Here's My Problem, So What Should I Do?
Psychotherapy takes time. Periodically, a new client will come in for the first time, succinctly describe their perception of their problem, there will be a second or two of silence, and then they will say something like “so, what should I do?” At this point, rather than tell them what to do, I try to get the person to continue talking about themselves and their problem. If only the problems that we take to therapy could be solved in a brief conversation! But why isn’t it that simple?

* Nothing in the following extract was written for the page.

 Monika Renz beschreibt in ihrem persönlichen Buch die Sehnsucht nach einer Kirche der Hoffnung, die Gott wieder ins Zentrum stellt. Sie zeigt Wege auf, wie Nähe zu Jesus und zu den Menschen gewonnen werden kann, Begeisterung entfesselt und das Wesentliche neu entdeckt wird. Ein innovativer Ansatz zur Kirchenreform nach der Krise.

First of all, neither I nor the client is likely to understand what is going on for the client in great depth after just one conversation. Even if I, as the therapist, had a pretty solid idea about what was happening and how the client could help themselves out of it, it’s not enough for me to understand. The person who really needs to understand the problem is the client and my job as the therapist is to assist the client in finding that understanding for themselves, primarily through deep listening and encouraging an exploratory attitude in our relationship and only secondarily through my expertise in how psychological problems happen and what tends to help people work through them.
In addition to understanding a problem, people come for help in figuring out what to do about it. Just as it is vital that the client come to their own understanding of their problem, they must also ultimately make their own decision about what to do about it. It is the client’s life and they must live it. Even if I knew the client’s problem well, and I had a workable solution in mind, by telling them what to do I would rob them of the chance to become better at finding their own creative solutions to life’s problems. And anyway, most things in life have many possible solutions, so who am I to be the one to decide how other people should live?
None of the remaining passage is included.